Cardiac Toxicities Associated with Immune Checkpoints Inhibitors: Mechanisms, Manifestations and Management

Affiliations
Review

Cardiac Toxicities Associated with Immune Checkpoints Inhibitors: Mechanisms, Manifestations and Management

Abdulrazzak Zarifa et al. Korean Circ J. 2021 Jul.

Abstract

Immune checkpoint inhibitor (ICI) associated cardiovascular adverse events (CVAE) have become more frequent with the growing use of cancer immunotherapy.
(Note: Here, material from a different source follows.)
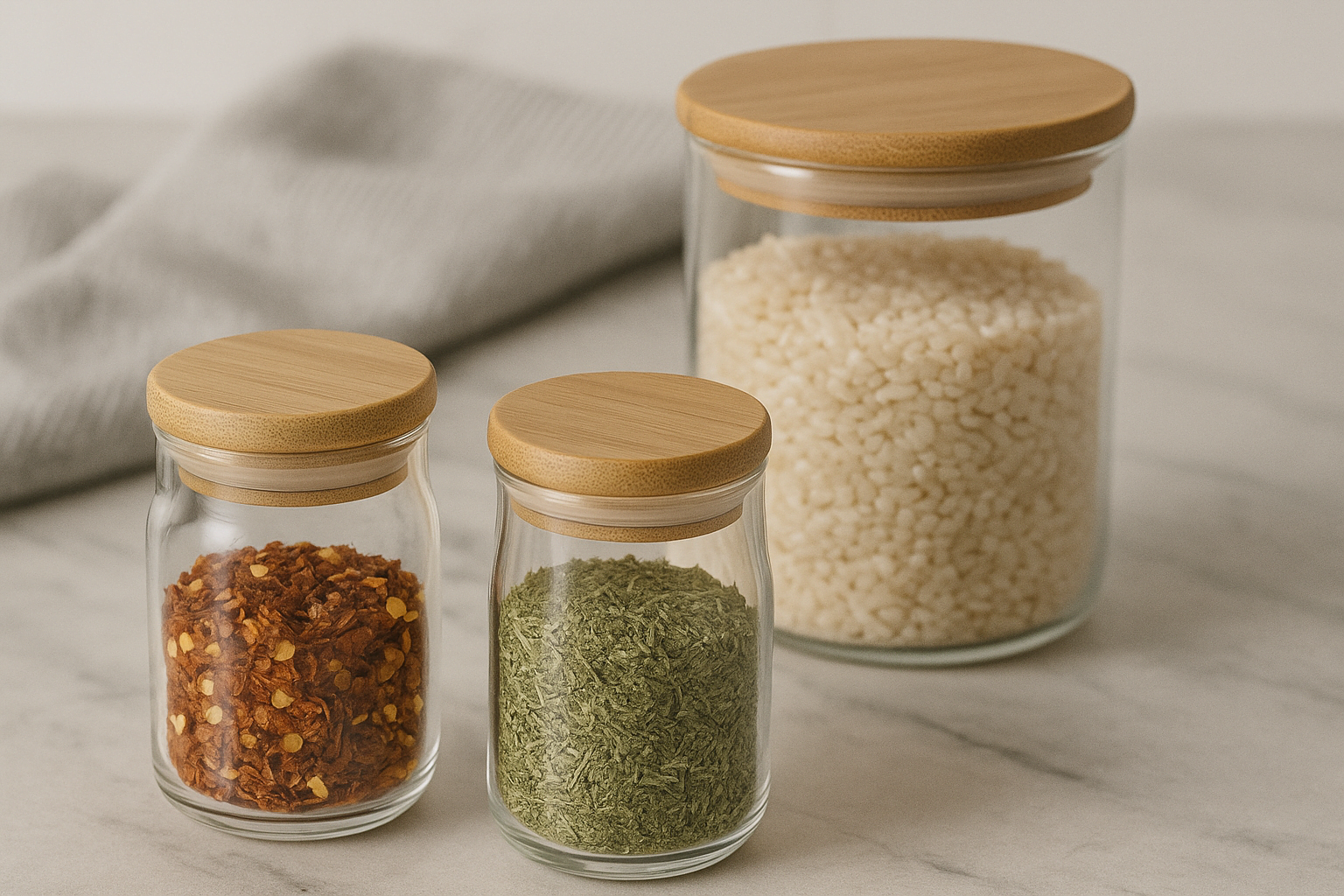 BAMBU KAŞIKLI YUVARLAK CAM BAHARATLIK

CVAEs include a wide spectrum of diseases such as myocarditis, pericarditis, heart failure, arrhythmias, coronary artery disease, and hypertension. The induction of cardiovascular side effects by ICI use is hypothesized to occur due to inflammation and immune dysregulation of normal tissue in response to immunotherapy. Management of ICI-associated CVAEs mitigates an overactive immune response by utilizing steroids, immunomodulatory drugs and hemodynamic stabilization. However, few controlled studies on the cardiovascular safety of ICIs exist and treatment of their side effects are mostly from limited case series. Our review seeks to provide the most recent understanding of ICI-associated CVAEs and their management.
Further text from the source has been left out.